Aphrodite bless Rachel and her work; I’ve added a link to her charity, Touching Base, to my “Resources” box at the right.
Interview: Jill Brenneman (starting February 21st, 2011)
On December 2nd our friend Jill spoke at the Sex Worker Summit in Asheville, North Carolina hosted by the North Carolina Harm Reduction Coalition and several other organizations (including New Orleans’ own Women With a Vision). Local newspaper Mountain Xpress covered the event and according to Jill even got it mostly right. I don’t have a lot of hope for North Carolina becoming a center for sex worker rights in the U.S., but I’d love to be proven wrong!

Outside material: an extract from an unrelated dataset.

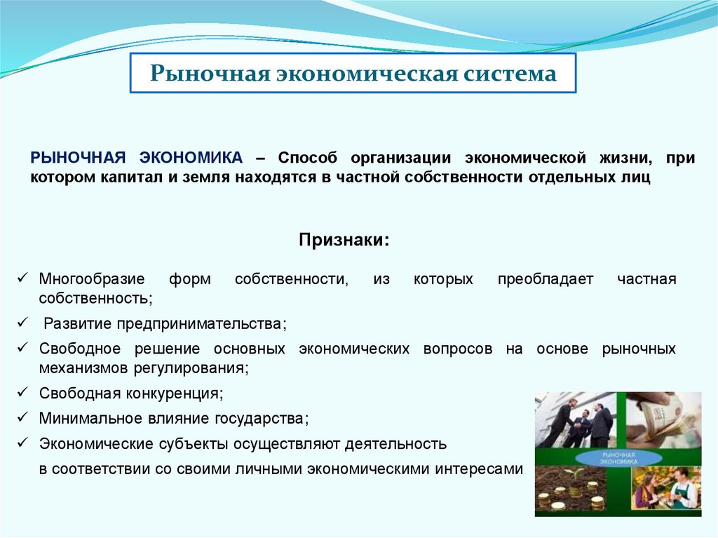 Рыночная экономическая системаРЫНОЧНАЯ ЭКОНОМИКА – Способ организации экономической жизни, при

Validation (May 25th, 2011)
“Even when one already knows something, it’s good to get validation from others. And when one is beset by enemies on all sides, particularly ruthless enemies who are willing not only to lie but to distort or completely fabricate bogus “research” to support their lies, every extra bit of academic research which soundly supports one’s position is another arrow in one’s quiver.” So I was quite pleased to see this November 11th article on the Migrants’ Rights Network; we’ve seen this study before in my November 15th column, but this article mentions a different aspect:
A new study on migration and trafficking in the UK sex industry has challenged the idea that trafficking is the main factor in trapping people in exploitative and abusive employment. Based on a survey of 100 people of migrant background involved in the industry, [Dr Nick Mai of the Institute for the Study of European Transformations (ISET)] has found that a majority of them had not been forced or trafficked into the profession…[and that] difficulties in exercising rights…were more likely to come from the issue of official immigration status than from forced labour. Many of the workers had entered the industry because the alternative employment available to them was likely to be more exploitative and unrewarding than sex work. They also felt that the stigmatisation of the profession had a negative impact on their personal lives…[and that] criminalisation of clients…[would] not reduce demand or exploitation but [would] mean more insecurity for migrants working in the industry. The report argues that better strategies to combat negative aspects of the industry would…[include allowing] migrants to become and remain legally documented…[allowing] the industry [to] operate legally…[and providing] victims of trafficking the right to remain in the country and the long-term support needed for integration.
This information needs to be pounded directly into the skull of every career politician and cop in the United Kingdom, United States and every other country which uses “human trafficking” as an excuse to persecute whores and/or our clients and partners.